New to the series? Start with Numbers in Verilog.

Updated 2021-12-21. Share your thoughts with @WillFlux or find me on 1BitSquared Discord.

DSP Blocks

FPGAs incorporate dedicated digital signal processing (DSP) blocks. As their name suggests, DSPs accelerate typical signal processing tasks, such as fast Fourier transforms (FFTs) and finite impulse response filtering (FIR). DSP blocks include multipliers, which we’ll cover in this post. Just bear in mind that DSP blocks are useful for many things beyond straight multiplication.

You can also implement multiplication directly in logic (LUTs and flip-flops), but it takes significant resources. Using dedicated DSP blocks for multiplication makes sense from a performance and logic-use perspective. Hence, even small FPGAs dedicate space to DSP blocks.

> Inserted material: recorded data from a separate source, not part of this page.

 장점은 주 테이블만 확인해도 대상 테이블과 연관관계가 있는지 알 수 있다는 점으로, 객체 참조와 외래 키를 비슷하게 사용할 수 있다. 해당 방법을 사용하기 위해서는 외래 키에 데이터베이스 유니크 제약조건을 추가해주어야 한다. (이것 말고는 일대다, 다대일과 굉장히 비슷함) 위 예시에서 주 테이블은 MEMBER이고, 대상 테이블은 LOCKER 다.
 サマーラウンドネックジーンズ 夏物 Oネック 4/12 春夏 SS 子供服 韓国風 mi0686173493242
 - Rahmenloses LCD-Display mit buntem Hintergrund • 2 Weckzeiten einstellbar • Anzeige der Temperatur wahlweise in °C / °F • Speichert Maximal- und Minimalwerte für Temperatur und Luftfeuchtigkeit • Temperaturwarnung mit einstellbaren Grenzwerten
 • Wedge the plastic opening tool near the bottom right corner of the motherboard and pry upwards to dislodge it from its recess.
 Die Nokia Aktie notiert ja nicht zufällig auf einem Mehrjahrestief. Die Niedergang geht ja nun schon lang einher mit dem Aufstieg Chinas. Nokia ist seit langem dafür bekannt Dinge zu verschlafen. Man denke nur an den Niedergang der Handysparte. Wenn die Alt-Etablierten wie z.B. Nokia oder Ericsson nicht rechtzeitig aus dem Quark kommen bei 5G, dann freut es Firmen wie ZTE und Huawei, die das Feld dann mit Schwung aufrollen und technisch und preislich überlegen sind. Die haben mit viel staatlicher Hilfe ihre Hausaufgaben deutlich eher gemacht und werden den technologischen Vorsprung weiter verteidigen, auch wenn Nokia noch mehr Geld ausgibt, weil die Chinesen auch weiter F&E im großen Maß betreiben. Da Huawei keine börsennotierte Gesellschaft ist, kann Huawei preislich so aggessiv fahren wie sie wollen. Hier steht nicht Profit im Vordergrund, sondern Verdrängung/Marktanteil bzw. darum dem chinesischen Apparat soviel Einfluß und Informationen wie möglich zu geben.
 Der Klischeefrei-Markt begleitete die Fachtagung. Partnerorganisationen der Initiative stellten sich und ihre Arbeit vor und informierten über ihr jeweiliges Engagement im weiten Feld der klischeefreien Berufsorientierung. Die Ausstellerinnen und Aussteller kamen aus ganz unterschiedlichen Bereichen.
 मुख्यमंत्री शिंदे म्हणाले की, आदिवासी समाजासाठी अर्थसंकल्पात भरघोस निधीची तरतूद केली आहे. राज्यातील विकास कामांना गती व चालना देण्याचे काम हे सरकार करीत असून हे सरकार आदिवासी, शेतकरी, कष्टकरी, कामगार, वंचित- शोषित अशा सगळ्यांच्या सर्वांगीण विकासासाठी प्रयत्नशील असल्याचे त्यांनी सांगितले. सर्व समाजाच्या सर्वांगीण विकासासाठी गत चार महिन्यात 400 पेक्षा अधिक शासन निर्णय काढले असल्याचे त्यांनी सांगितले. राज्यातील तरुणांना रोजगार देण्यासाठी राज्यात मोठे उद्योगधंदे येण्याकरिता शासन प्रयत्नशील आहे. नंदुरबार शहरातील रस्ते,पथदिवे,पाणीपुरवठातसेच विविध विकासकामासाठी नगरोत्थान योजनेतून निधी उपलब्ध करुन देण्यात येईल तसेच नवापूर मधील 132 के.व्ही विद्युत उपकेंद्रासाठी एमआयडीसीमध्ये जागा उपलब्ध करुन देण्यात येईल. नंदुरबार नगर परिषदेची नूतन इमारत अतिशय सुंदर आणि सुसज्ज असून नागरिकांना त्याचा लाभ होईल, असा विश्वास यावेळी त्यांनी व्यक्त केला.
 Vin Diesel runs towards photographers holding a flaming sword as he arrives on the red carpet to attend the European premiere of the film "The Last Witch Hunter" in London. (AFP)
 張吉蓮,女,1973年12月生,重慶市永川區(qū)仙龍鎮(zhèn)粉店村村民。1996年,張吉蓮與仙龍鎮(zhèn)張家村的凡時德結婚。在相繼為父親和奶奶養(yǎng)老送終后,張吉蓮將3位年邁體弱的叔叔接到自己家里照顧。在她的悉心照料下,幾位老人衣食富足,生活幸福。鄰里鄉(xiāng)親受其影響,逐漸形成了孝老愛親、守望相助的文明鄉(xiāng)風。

Multiplication Capabilities

Let’s take a quick look at the multiplication capabilities of a few FPGAs.

The width of a DSP multiplier depends on the FPGA architecture:

  • Lattice iCE40UP (SB_MAC16): 16 x 16 bit
  • Lattice ECP5 (sysDSP): 18 x 18 bit
  • Xilinx 7 Series (DSP48E1): 25 × 18 bit
  • Xilinx Ultrascale+ (DSP48E2): 27 x 18 bit

For example, an ECP5 multiplier takes two 18-bit inputs and generates a 36-bit product output.

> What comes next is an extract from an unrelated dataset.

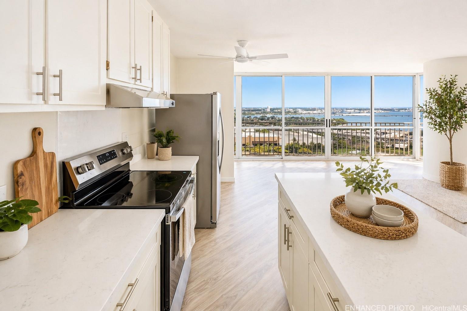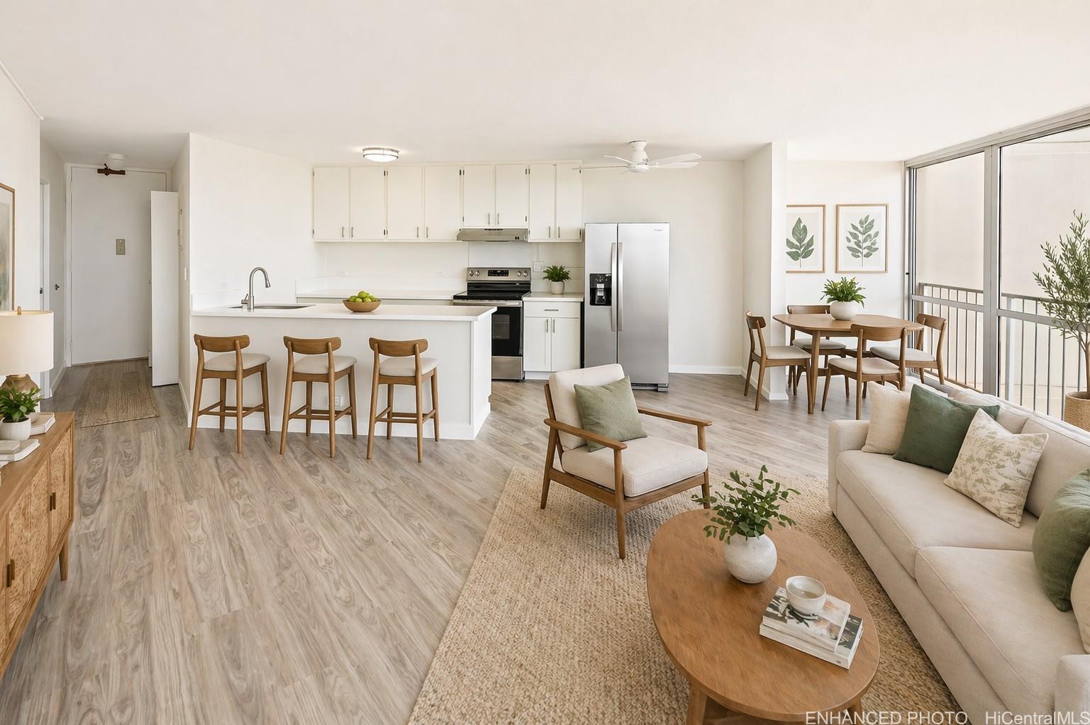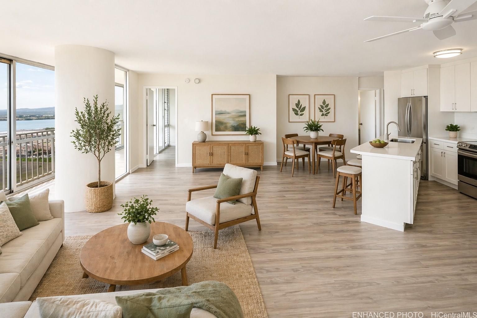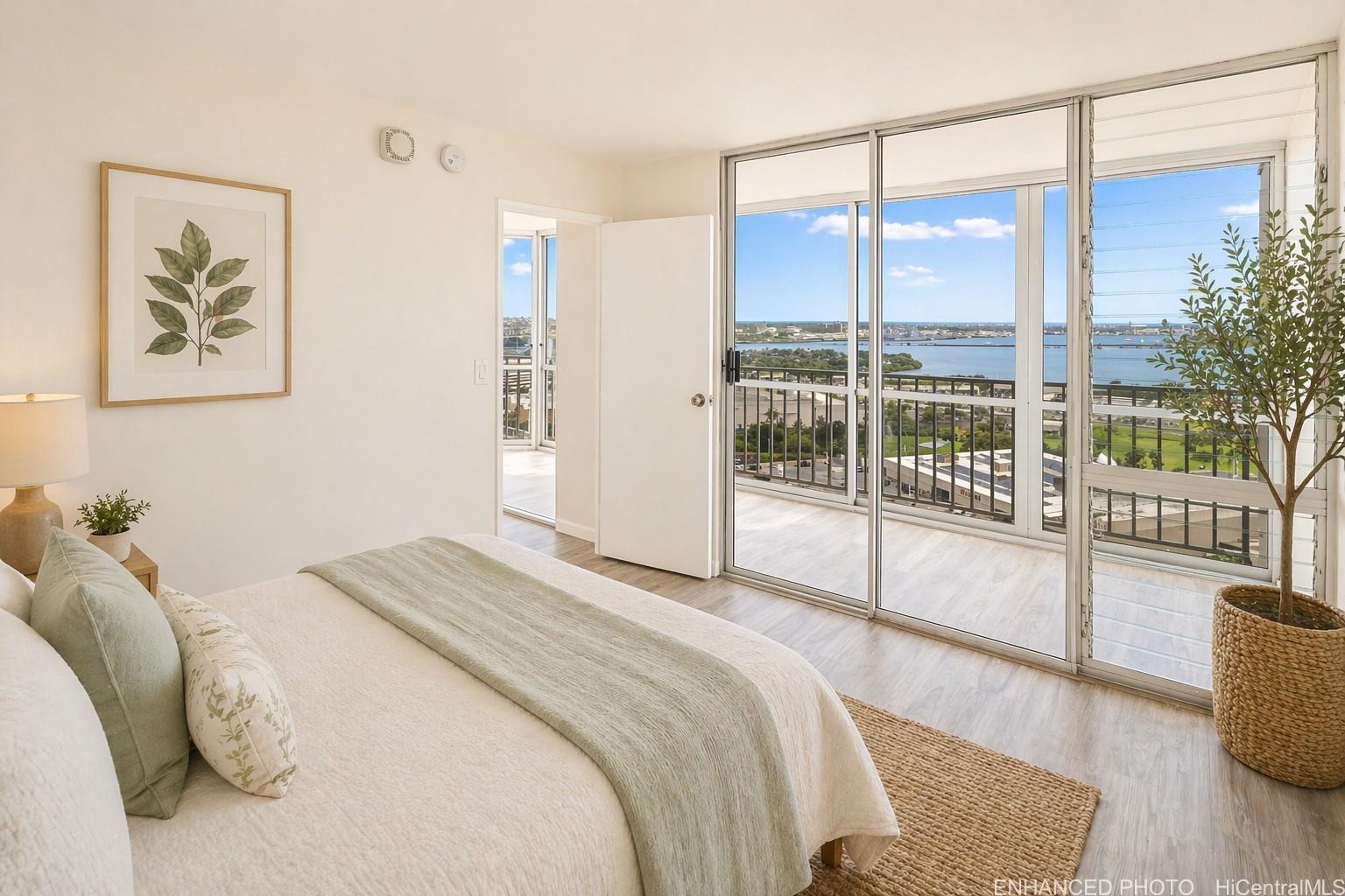covered parking stalls. It presents a spectacular, priceless view of the coastline, mountains and surrounding areas. This special condo is the essence of comfort, convenience and value. New carpeting and interior painting bring visible sparkle to interior walls and flooring awaiting your personal touches. It is conveniently located across the street from Pearlridge Shopping Center, with quick access to H-1 freeway, new Skyline rail station, airport, Pearl Harbor, schools, banks, Pali Momi Hospital, golfing, bus routes, great restaurants and other nearby businesses. This gated community is pet-friendly (verify), well-maintained, and offers security, onsite resident manager, ample guest parking, spacious pool area, assigned storage locker, trash chute on each floor, 3 elevators, and a BBQ area. Fire safety components are installed in each condo unit to enhance occupant's safety. Condo unit sold "as is". See It Today!

While the number of multipliers depends on the specific FPGA part:

  • Lattice iCE40UP
    • iCE40UP5K: 8 multipliers
  • Lattice ECP5
    • LFE5U-85: 156 multipliers
    • LFE5U-25: 56 multipliers
  • Xilinx 7 Series
    • Artix-7 A200T: 740 multipliers
    • Spartan-7 S25: 80 multipliers
  • Xilinx Ultrascale+
    • Artix AU10P: 400 multipliers

Larger FPGAs include many thousands of multipliers, but we’ve confined ourselves to parts you might find on a hobbyist-friendly board (I live in hope of an affordable Ultrascale+ board in 2022).

DSP Block References

Note: each ECP5 DSP block incorporates two multipliers.

Using DSPs

There are two ways to incorporate DSPs into your FPGA designs:

  • Explicitly instantiate the DSP primitive (SB_MAC16, DSP48E1 etc.)
  • Infer the DSP using regular multiplication in Verilog or VHDL

Vendor primitives allow you to fine-tune your implementation but are more complex and limit your design to a single FPGA architecture. I’d recommend starting with inference and only reaching for vendor primitives if you need to do something clever or ring the last nanosecond out of your design.

Yosys DSP Inference

If you’re using Yosys with an iCE40UP FPGA, you need to explicitly enable DSP inference using the -dsp option.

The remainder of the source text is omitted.